O filósofo Bas Van Fraassen discordou dessa linha de pensamento, porque achava que o trabalho de um cientista era focar apenas nas coisas que podemos observar. Outros pensam que a diferença entre o que é observável e o que não é observável não é uma linha nítida, mas um continuum. Por exemplo, você pode olhar para o céu noturno com os olhos, através de um pequeno telescópio, um telescópio mais poderoso, um radiotelescópio e assim por diante. Subir através desses diferentes níveis de instrumentação ajuda o observador a ver cada vez mais camadas de detalhes que antes não eram observáveis por uma pessoa menos equipada.

O filósofo canadense Ian Hacking disse que começamos a saber que as coisas são reais quando interagimos com elas. Em 1909, Robert Millikan e Harvey Fletcher mediram a carga de um único elétron usando uma combinação inteligente de gotículas de óleo, correntes elétricas e um microscópio. Eles não viram diretamente um elétron – apenas o comportamento das gotas de óleo entre duas placas carregadas, mas seu resultado foi apenas 1% diferente do valor atualmente aceito para a carga de um elétron. Herschel, por outro lado, é um exemplo de alguém que fez uma medição muito inteligente e entendeu mal seu significado.

Portanto, interagir com objetos ou forças que não podemos ver não é uma rota direta para reconhecer a realidade, mas é um método muito bem-sucedido para que seja rejeitado. Há tantas evidências agora para o Big Bang, antimatéria, estruturas moleculares e muitas outras na lista de não-observáveis, que elas não podem ser simplesmente descartadas como fruto da imaginação de um cientista.

No final de seu seminário, Chang fez uma pergunta. “A ciência natural e a teologia natural estão lidando com não-observáveis da mesma maneira?” Em outras palavras, a ciência é diferente do conhecimento religioso ou filosófico, ou é apenas uma questão de grau?

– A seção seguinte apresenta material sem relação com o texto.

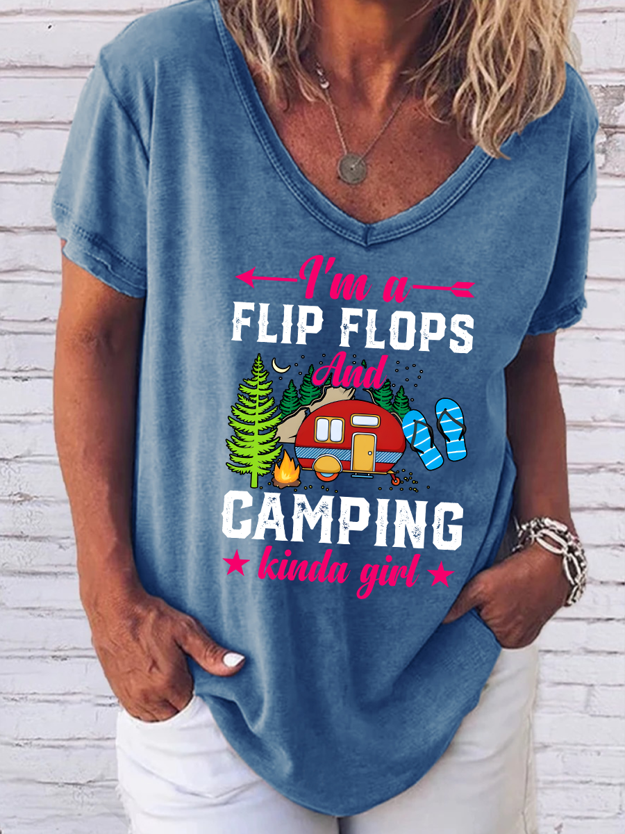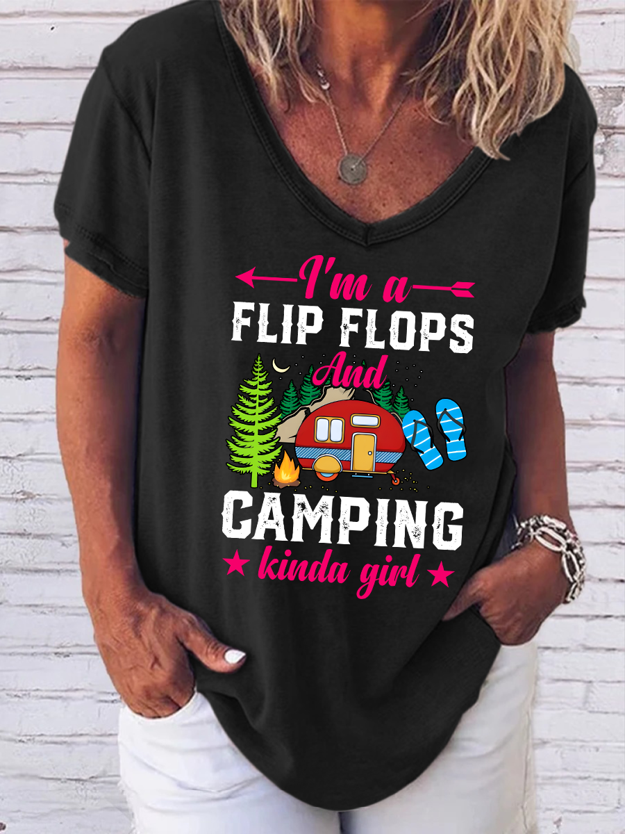I'm a Flip Flop and Camping Kinda Girl V Neck Casual T-Shirt

Essa ideia me fez querer tentar colocar as coisas que conheço e aceito em um espectro. O que está mais próximo do extremo observável, e o que é mais não-observável? Por exemplo, a dupla hélice do DNA foi vista usando um microscópio de força atômica em 2012, de modo que agora está um pouco mais perto do lado observável das coisas, mas a energia escura ainda é praticamente não-observável.

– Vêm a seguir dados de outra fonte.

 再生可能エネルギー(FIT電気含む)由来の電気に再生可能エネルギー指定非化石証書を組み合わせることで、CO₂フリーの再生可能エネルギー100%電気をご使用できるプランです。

No meio do espectro da “observabilidade” estão meus amigos. Eles podem ter fornecido evidências concretas de que gostam de mim, mas como a amizade é um conceito e não uma coisa, terei que considerá-los como apenas parcialmente observáveis. Deus é uma pessoa invisível, mas acredito que vejo evidências de sua ação ao meu redor. Então, devo colocá-lo mais perto do não-observável do que meus amigos, ou o peso da evidência secundária o coloca mais próximo do observável?

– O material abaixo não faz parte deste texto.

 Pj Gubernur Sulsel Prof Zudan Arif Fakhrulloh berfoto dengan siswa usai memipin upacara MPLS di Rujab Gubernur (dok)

Eu poderia considerar este exercício uma maneira útil de avaliar as coisas em que acredito, mas suspeito que o que temos aqui não é um espectro. As diferentes categorias de coisas que são observadas e os diferentes métodos de observação podem tornar impossível comparar tudo o que eu acredito de uma maneira tão simples. Seja qual for o caso, o seminário de Chang obscureceu a fronteira nítida que algumas pessoas colocam entre ciência e fé, e abriu uma discussão na qual todos podemos estar envolvidos.